Critical Vulnerabilities in SWITCH EV Charging Platform Allow Station Impersonation
Take action: Make sure your SWITCH EV station management is isolated from the internet and behind a firewall or VPN. Since the vendor has not released a patch that's your only defense until the vendor does something or you replace these systems.
Learn More
CISA reports multiple vulnerabilities in the SWITCH EV electric vehicle charging platform. These flaws affect all versions of the swtchenergy.com platform and could lead to large-scale service disruptions in the energy and transportation sectors.
Vulnerabilities summary:
- CVE-2026-27767 (CVSS score 9.4) - A missing authentication vulnerability in WebSocket endpoints that allows unauthenticated attackers to connect to the OCPP interface. By using a discovered charging station identifier, an attacker can impersonate a legitimate charger to issue commands or manipulate data sent to the backend. This flaw effectively grants unauthorized control over the charging infrastructure without requiring any credentials.
- CVE-2026-25113 (CVSS score 7.5) - An improper restriction of excessive authentication attempts in the WebSocket API that lacks rate-limiting controls. Attackers can use this to run brute-force attacks or launch denial-of-service campaigns by suppressing legitimate telemetry data from chargers. This mechanism allows a malicious actor to overwhelm the system and misroute traffic.
- CVE-2026-25778 (CVSS score 7.3) - An insufficient session expiration flaw where the backend allows multiple connections to use the same session identifier. Attackers can exploit this session shadowing to displace a legitimate charging station's connection and receive commands intended for that station. This predictable session management lets unauthorized users hijack active sessions or cause a denial-of-service by flooding the backend with valid requests.
- CVE-2026-27773 (CVSS score 6.5) - An insufficiently protected credentials vulnerability where charging station authentication identifiers are publicly accessible on web-based mapping platforms. Attackers can harvest these identifiers to facilitate the impersonation attacks described in other CVEs.
Malicious actors can hijack sessions to gain unauthorized access to user data or manipulate operational parameters of the charging stations.

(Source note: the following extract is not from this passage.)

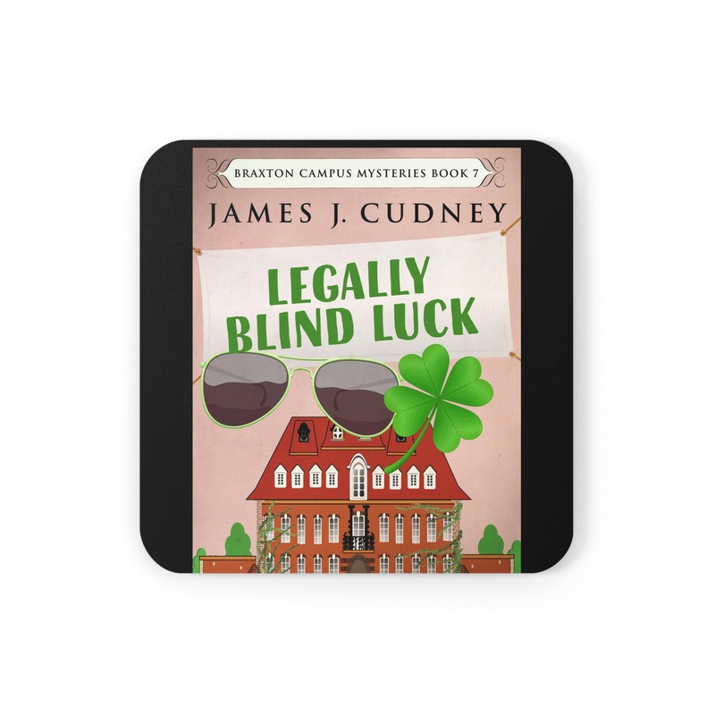 These coasters are made with a high-gloss top and feature a cork back to prevent sliding, and each order comes with a set of four coasters. The cover art in these coasters is from James J. Cudney's book, Legally Blind Luck.

The vulnerabilities impact all versions of the SWITCH EV swtchenergy.com platform. SWITCH EV has not yet responded to CISA's coordination requests regarding these findings. There are no official vendor patches available at this time to address the underlying code flaws.
Organizations must implement strict network security measures to protect their charging assets. CISA recommends isolating control system networks from the internet and placing them behind firewalls. If remote access is necessary, administrators should use secure VPNs.